What you are asked to do: In the entries below, find the line with "VINTAGE SEA SHELL" and the line with "The Buddha caused"; copy them and every line between them exactly, but not the pictures.

Data excerpts:
━━━━━━━━━━━━━━━━
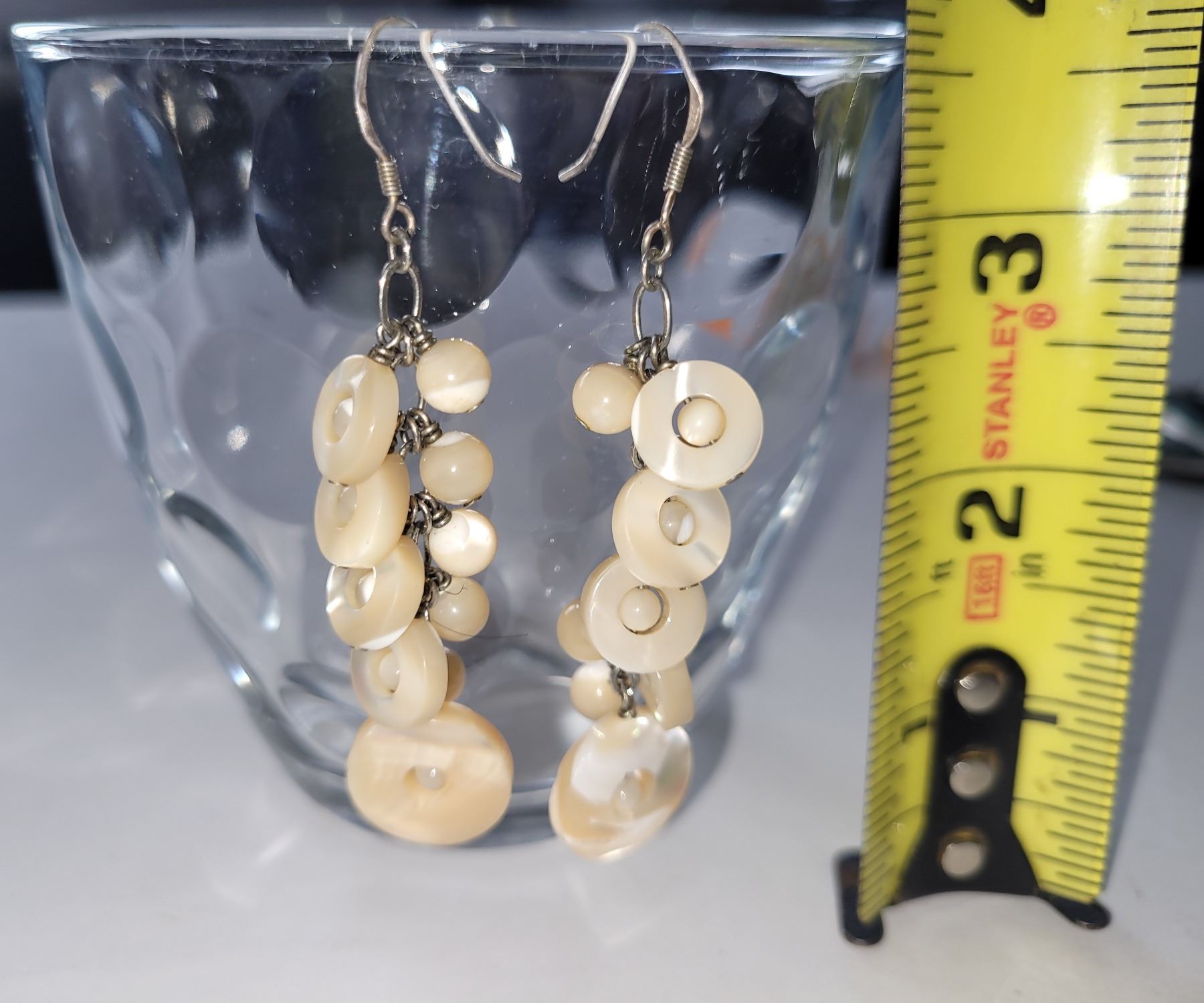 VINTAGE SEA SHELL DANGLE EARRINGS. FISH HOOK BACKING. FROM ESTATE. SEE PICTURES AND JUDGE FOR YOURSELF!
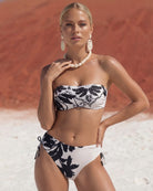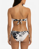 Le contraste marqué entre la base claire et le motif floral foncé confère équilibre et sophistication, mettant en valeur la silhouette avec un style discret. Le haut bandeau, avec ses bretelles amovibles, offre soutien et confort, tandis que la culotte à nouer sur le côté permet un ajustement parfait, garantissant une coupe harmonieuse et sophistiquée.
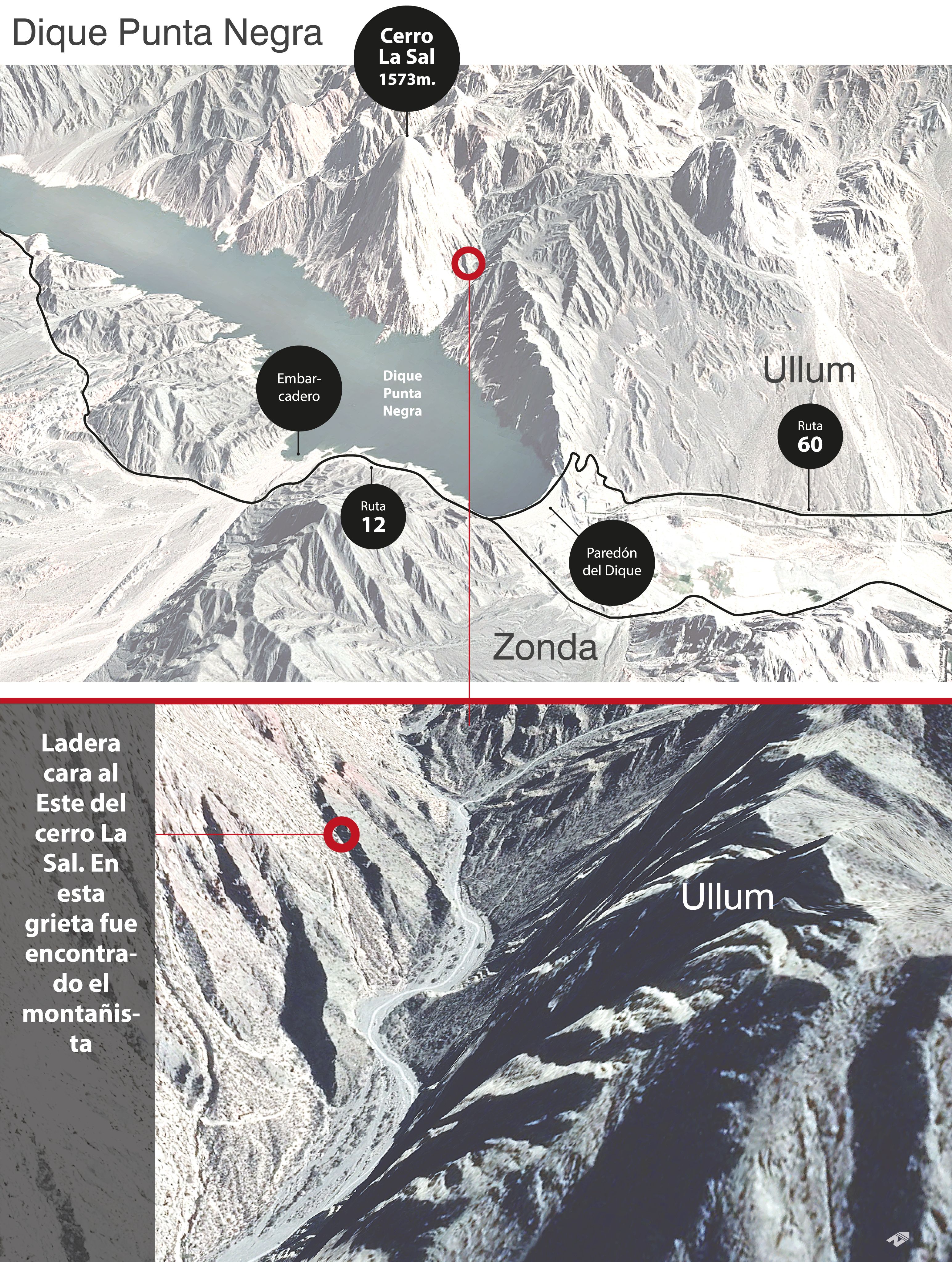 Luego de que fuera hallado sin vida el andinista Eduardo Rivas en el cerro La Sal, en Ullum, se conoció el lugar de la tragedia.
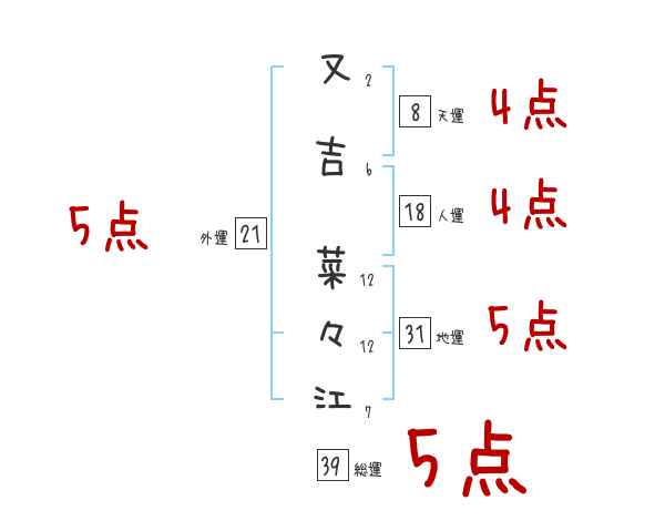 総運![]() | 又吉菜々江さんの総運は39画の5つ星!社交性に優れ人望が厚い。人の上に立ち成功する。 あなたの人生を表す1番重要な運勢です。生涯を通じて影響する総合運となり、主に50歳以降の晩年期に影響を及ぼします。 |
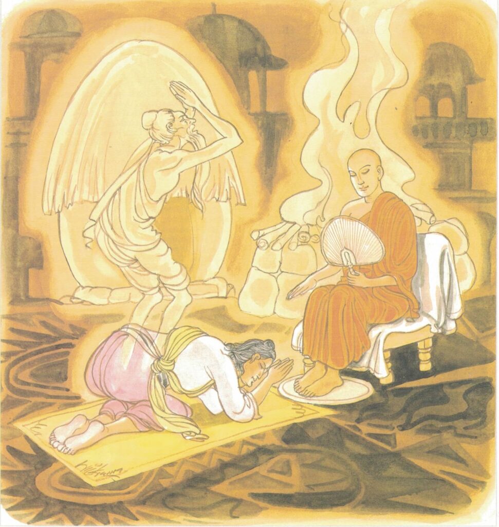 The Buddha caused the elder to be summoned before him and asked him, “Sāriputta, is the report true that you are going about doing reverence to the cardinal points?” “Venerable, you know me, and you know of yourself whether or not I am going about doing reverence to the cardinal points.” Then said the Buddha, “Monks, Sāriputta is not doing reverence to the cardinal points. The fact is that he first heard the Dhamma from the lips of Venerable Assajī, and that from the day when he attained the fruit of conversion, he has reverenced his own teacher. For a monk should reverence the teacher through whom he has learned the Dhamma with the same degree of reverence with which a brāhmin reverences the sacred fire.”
━━━━━━━━━━━━━━━━
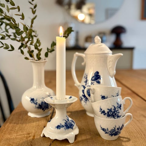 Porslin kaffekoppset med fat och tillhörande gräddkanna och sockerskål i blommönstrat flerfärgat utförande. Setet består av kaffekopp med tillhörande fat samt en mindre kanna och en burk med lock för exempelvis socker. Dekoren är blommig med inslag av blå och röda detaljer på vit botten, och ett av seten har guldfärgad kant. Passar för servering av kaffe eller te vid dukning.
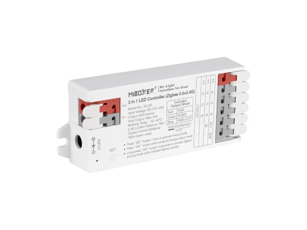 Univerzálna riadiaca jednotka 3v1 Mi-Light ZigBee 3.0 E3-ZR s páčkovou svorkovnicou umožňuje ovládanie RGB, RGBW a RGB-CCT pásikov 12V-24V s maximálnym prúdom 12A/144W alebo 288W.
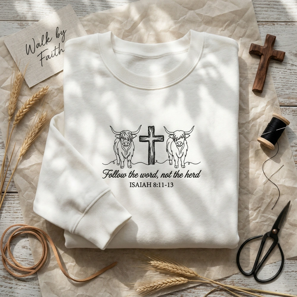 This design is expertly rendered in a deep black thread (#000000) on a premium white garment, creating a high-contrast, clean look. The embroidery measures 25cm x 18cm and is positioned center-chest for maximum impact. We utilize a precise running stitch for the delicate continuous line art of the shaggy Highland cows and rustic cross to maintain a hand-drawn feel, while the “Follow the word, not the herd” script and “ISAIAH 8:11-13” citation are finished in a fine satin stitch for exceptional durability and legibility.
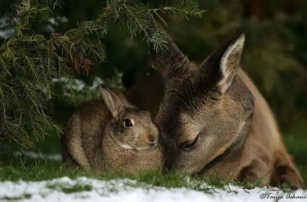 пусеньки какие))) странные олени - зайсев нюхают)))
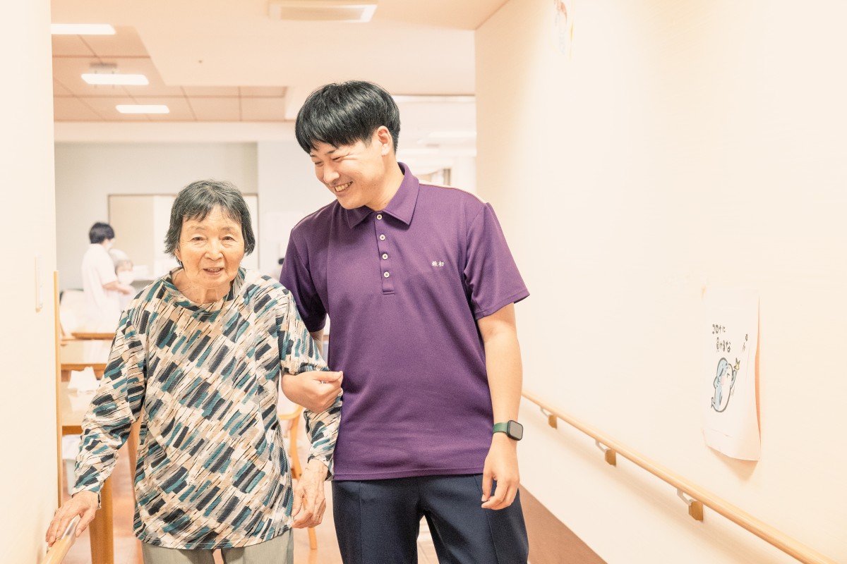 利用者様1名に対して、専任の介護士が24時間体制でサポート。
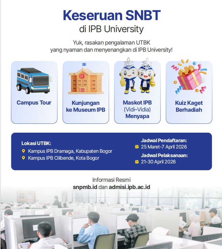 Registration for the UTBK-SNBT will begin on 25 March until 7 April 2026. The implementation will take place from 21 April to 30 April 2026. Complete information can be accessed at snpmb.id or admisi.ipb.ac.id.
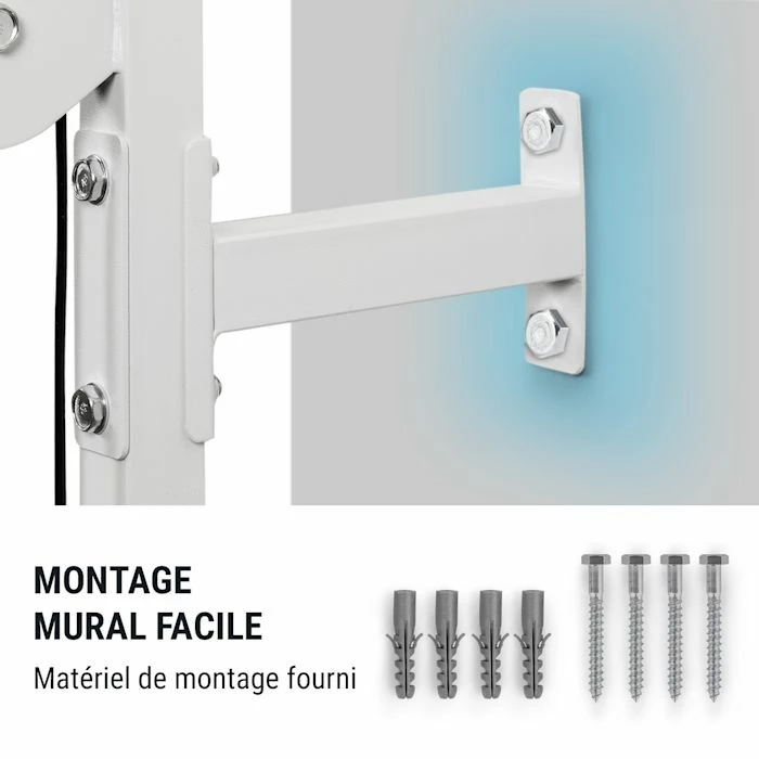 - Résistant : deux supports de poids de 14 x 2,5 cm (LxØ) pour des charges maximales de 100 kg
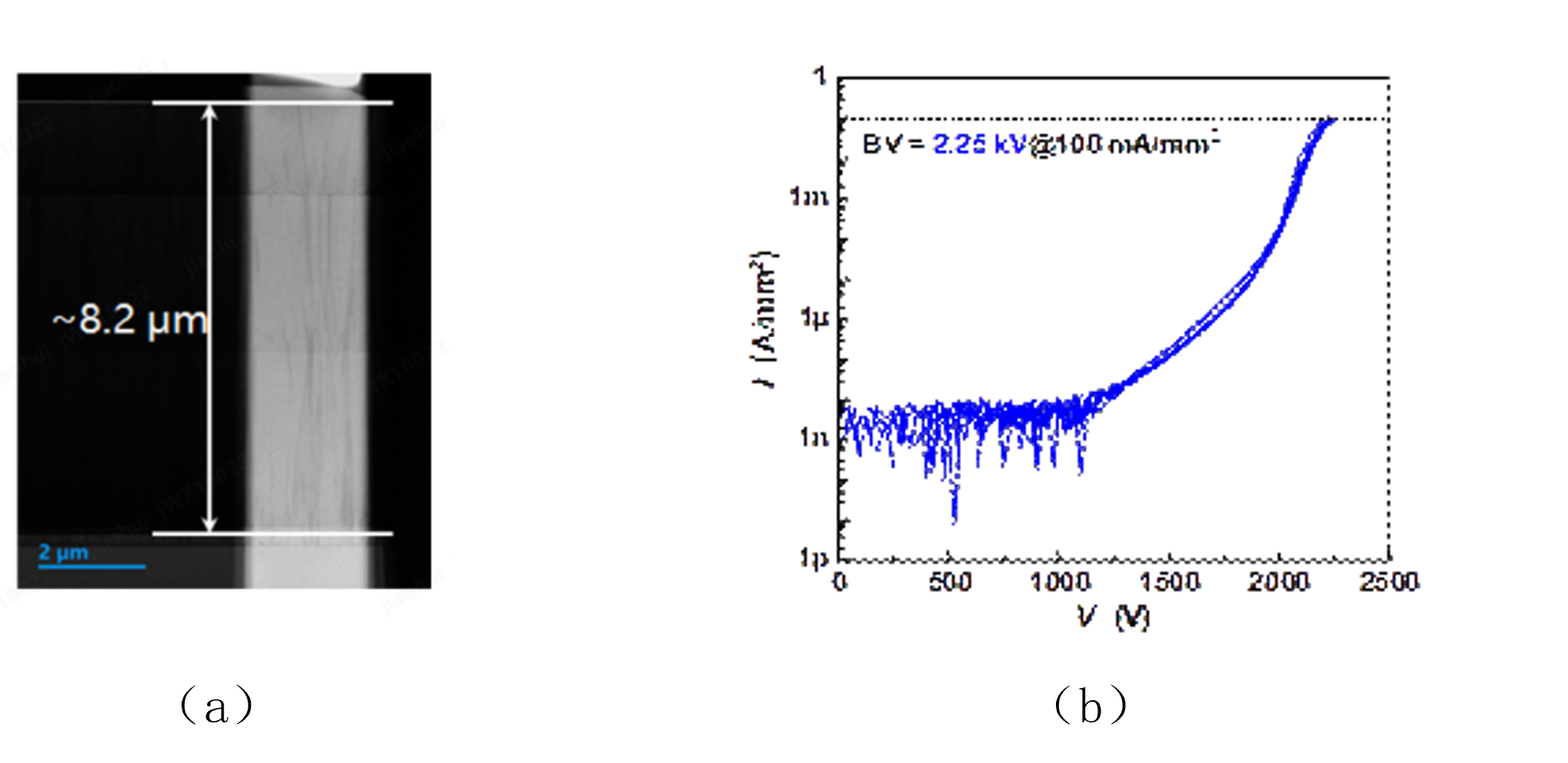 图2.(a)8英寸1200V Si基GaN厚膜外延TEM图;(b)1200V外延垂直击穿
━━━━━━━━━━━━━━━━
Response below:
 VINTAGE SEA SHELL DANGLE EARRINGS. FISH HOOK BACKING. FROM ESTATE. SEE PICTURES AND JUDGE FOR YOURSELF!
 Le contraste marqué entre la base claire et le motif floral foncé confère équilibre et sophistication, mettant en valeur la silhouette avec un style discret. Le haut bandeau, avec ses bretelles amovibles, offre soutien et confort, tandis que la culotte à nouer sur le côté permet un ajustement parfait, garantissant une coupe harmonieuse et sophistiquée.
 Luego de que fuera hallado sin vida el andinista Eduardo Rivas en el cerro La Sal, en Ullum, se conoció el lugar de la tragedia.
 総運![]() | 又吉菜々江さんの総運は39画の5つ星!社交性に優れ人望が厚い。人の上に立ち成功する。 あなたの人生を表す1番重要な運勢です。生涯を通じて影響する総合運となり、主に50歳以降の晩年期に影響を及ぼします。 |
 The Buddha caused the elder to be summoned before him and asked him, “Sāriputta, is the report true that you are going about doing reverence to the cardinal points?” “Venerable, you know me, and you know of yourself whether or not I am going about doing reverence to the cardinal points.” Then said the Buddha, “Monks, Sāriputta is not doing reverence to the cardinal points. The fact is that he first heard the Dhamma from the lips of Venerable Assajī, and that from the day when he attained the fruit of conversion, he has reverenced his own teacher. For a monk should reverence the teacher through whom he has learned the Dhamma with the same degree of reverence with which a brāhmin reverences the sacred fire.”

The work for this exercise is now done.